According to Larry Stone of the Seattle Times, the Mariners singed Cordero to a one-year, minor league deal. There's no word on what Cordero will make, but FOX Sports' Ken Rosenthal is confirming that he was offered more money elsewhere, despite the fact that the Twins and other teams that were interested feel like he's still multiple months away from being able to pitch at the level he's accustomed to.
"This was definitely not the best offer," Cordero's agent, Larry Reynolds said. "It's strictly an opportunity move. He put most of his emphasis on the best chance of closing. He thought this was a good opportunity for that."

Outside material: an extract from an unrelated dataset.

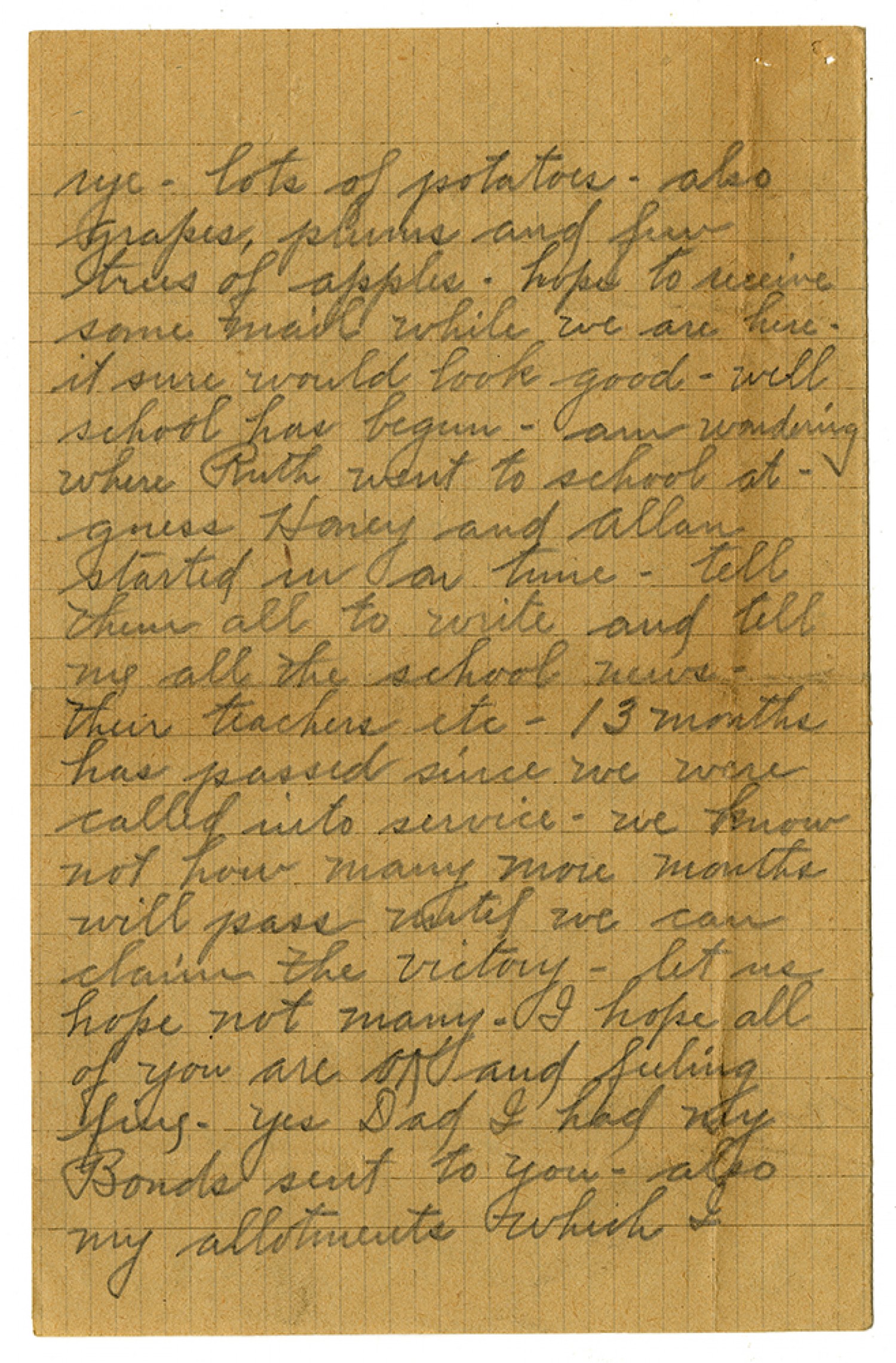 rye - lots of potatoes - also grapes, plums and few trees o fapples - hope to receive some mail while we are here. it sure would look good - well school has begun - am wondering where Ruth went to school at - guess Honey and Allan started in on time - tell them all to write and tell me all the school news - their teachers etc - 13 months has passed since we were called into service - we know not how many more months will pass until we can claim the victory - let us hope not many - I hope all of you are OK and feeling fine - yes Dad I had my Bonds sent to you - also my allotments which I

Cordero is expected to be in the team's major league camp by Saturday, if not today, and will throw his hat into the ring of an old-fashioned fight out for the the spot at the back of the team's bullpen. It's an interesting race, with five guys already battling it out for the closers job before you throw Cordero into the mix. According to Stone, the early leader may be former Red Sox fireballer (and Rice University product) David Aardsma, who has gone through four appearances (four total innings) without allowing a run.
Of course, even if Aardsma gets the job at first, that doesn't mean Cordero won't end up with it. Aardsma had both injury and control problems in Boston last year, and he's never really had to pitch in anything close to a closers role before (he made brief cameos as a set-up man in 2008, but spent much more time in the sixth and seventh innings when he was healthy).
All of that points to a realistic shot for Cordero to get back the role he relished over at RFK, assuming he can find a way to be ready to play, as the Mariners think he can, by April or May, though general manager Jack Zduriencik, at least publicly, is allowing for a longer view, too.
"We are going to take it one step at a time, but we are optimistic that Chad can help us this season," said Mariners general manager Jack Zduriencik. "Chad has been a quality major-league closer and we look forward to his contributions to our ballclub in 2009."
Is this a good move by Cordero? What about the Mariners? Any hurt feelings over Chad's departure from the Nats, or is everyone happy he'll get another chance to close with a team that won't play against the Nats 6-19 times a year?